Business is going soft—it wants to know how you really feel. Turns out, there’s hard data in those feelings, and companies are mining it to glimpse how customers are reacting to things like product launches and promotions—so they can adapt with the right type and quantity of product in the right place, and not lose opportunity sales or stockpile excess goods.
It’s not only sales and marketing, the original social listeners—design, manufacturing, and supply chain are also taking a keen interest in social media signals that provide early indicators of customer sentiment. In an age of product proliferation and wild demand swings, they need to sense, in near real time, what people want, how much they may order, and through which sales channels.
People mull things over after a buy, often sharing their thoughts and feelings with others. Business is turning to social listening and sentiment analysis to capture these potential demand signals on social media, then chew over the “unstructured” input with analytics and machine learning to gauge the customer’s product experience—and maybe the need for a design tweak, or added incentives.

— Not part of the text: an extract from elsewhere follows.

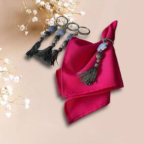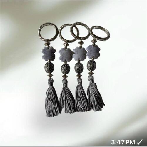- Detalhes dos produtos: - Porta guardanapos argola em resina trabalhada e entremeios prateados e Tassel Marca: Atelier Vera Botelho

Everyone wants to stay on top of the market; absent that knowledge, it’s nearly impossible to respond as quickly as customers expect with rapid delivery. Your manufacturing facilities and supply chain may be agile, but if you haven’t staged enough inventory of the right type during a launch or promotion, you’re never going to be able to issue enough procurement orders to get a supply chain response that keeps pace with market demand—especially competing with juggernauts like Amazon, which is offering 1-2 hour delivery in major cities and 1-2 day delivery everywhere else.

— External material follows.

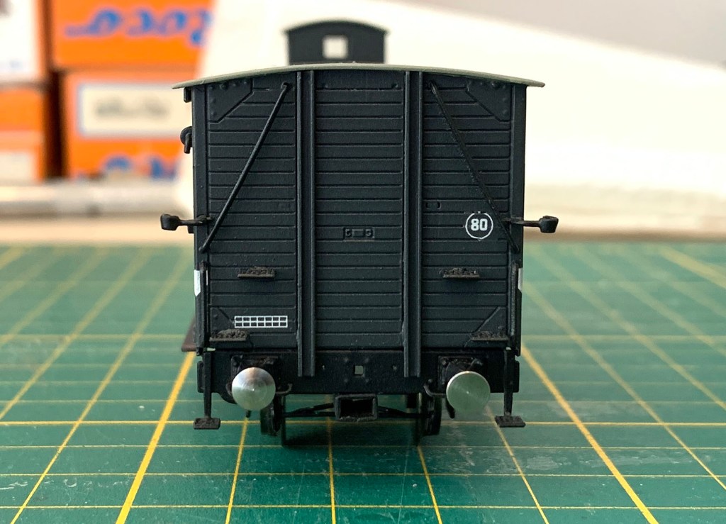 Het eerste wagentje betrof de veewagen met remmershuis. De wagen heeft verende buffers gekregen en een gegoten Westinghouse remsysteem van Philotrain/Phildie. Deze is aangesloten op remspindel en driehoeken tussen de remschoenen. Omdat het oude wagens zijn heb ik ervoor gekozen om een oud model buffers erop te plaatsen.

Social listening tunes in to social channels to capture consumer sentiment. It crawls tweets, Instagram, Facebook, and other social networking sites, then uses natural language processing (a subset of machine learning) and statistical processing to interpret the communications wrung from the electronic text. It focuses on things like whether the sentiment is positive or negative, amount of activity, influence and reach of the communicator, trends, emotional gyrations, potential problems, and so forth.

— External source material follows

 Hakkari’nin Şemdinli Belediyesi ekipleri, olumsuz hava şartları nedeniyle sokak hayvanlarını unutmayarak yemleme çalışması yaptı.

This is particularly crucial in swift-moving retail. Fast fashion, for example, places a strong emphasis on social media (especially key influencers) and the Internet (number of page visits, dwell time on a particular page) to assess the customer experience. Analytics and machine learning top off this data with historical trends—from sales of previous merchandise with similar attributes—to help predict demand, and then “learn” customer behaviors during the launch or promotion to uncover order patterns.
Social listening and sentiment analysis gives a boost to Sales & Operations Planning (S&OP), where sales, finance, and operations collaborate to generate and adjust the forecast and business plan. Each of these functional areas needs predictive data to issue forecasts for volume and revenue projections and to ready production and supply chain for order fulfillment.
That’s why everyone’s suddenly so sociable.